The prosecutor's appeal is dismissed.

Reasons

1. Summary of grounds for appeal;

A. In light of the relationship between the defendant and the victim of the fact, dolusent intention is acknowledged at least that the defendant seeks to remove or use the instant night tree in the course of using the vesium on the tree around the night tree of this case.

Nevertheless, the lower court found the Defendant not guilty of this part of the facts charged.
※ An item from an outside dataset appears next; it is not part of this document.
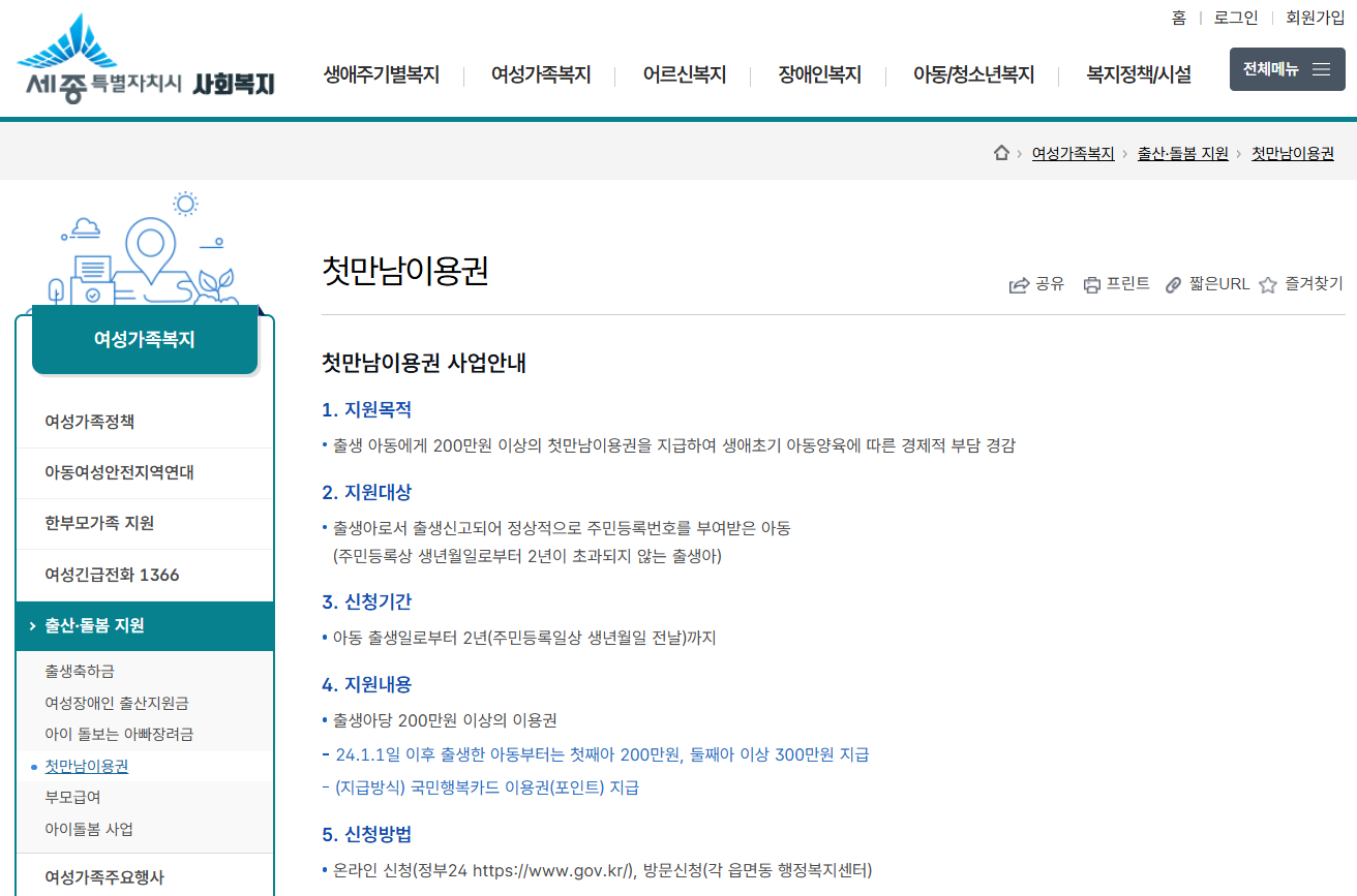 | 지원 기관 | 세종시 여성가족과 | 신청 방법 | 거주지 읍, 면, 동 주민센터 방문 신청 또는 온라인 '정부24'에서 신청 가능. |

The lower court erred by misapprehending the facts and adversely affecting the conclusion of the judgment.

B. The sentence sentenced by the lower court (one year of suspended sentence in six months of imprisonment) is too unhued and unreasonable.

2. Judgment on the assertion of mistake of facts

A. The lower court’s judgment: (a) there are some entries in the police interrogation protocol against the Defendant, the witness D’s legal statement, and the police statement protocol against the Defendant, which are admissible as evidence consistent with this part of the facts charged; and (b) some entries in the police interrogation protocol against the Defendant were made by using the first system with the Defendant and the victim’s consent; and (c) even if the first system was winded, there were 1 g of night tree under the supervision of the Defendant even if it became wind.

"." This is because it is nothing more than the inferred side that the first-aid system might have an impact on the first-aid system even though the first-aid system was not used directly in the night tree recorded in the facts of crime. ② The purpose of the statement in the court of the original trial by the witness D and the statement in the police statement is that the Defendant used the first-aid system for the damaged night tree, but it is nothing more than the inferred side that the first-aid system in the surrounding night tree had an impact on the first-aid system because the first-aid system in the night tree was viewed as being used for the damaged night tree. The above evidence alone is insufficient to recognize that the Defendant used the first-aid system in the instant night tree and that it was impossible to grow or purchase the first-aid system in a proper manner due to the use of the said first-aid system, and it is not sufficient to recognize otherwise.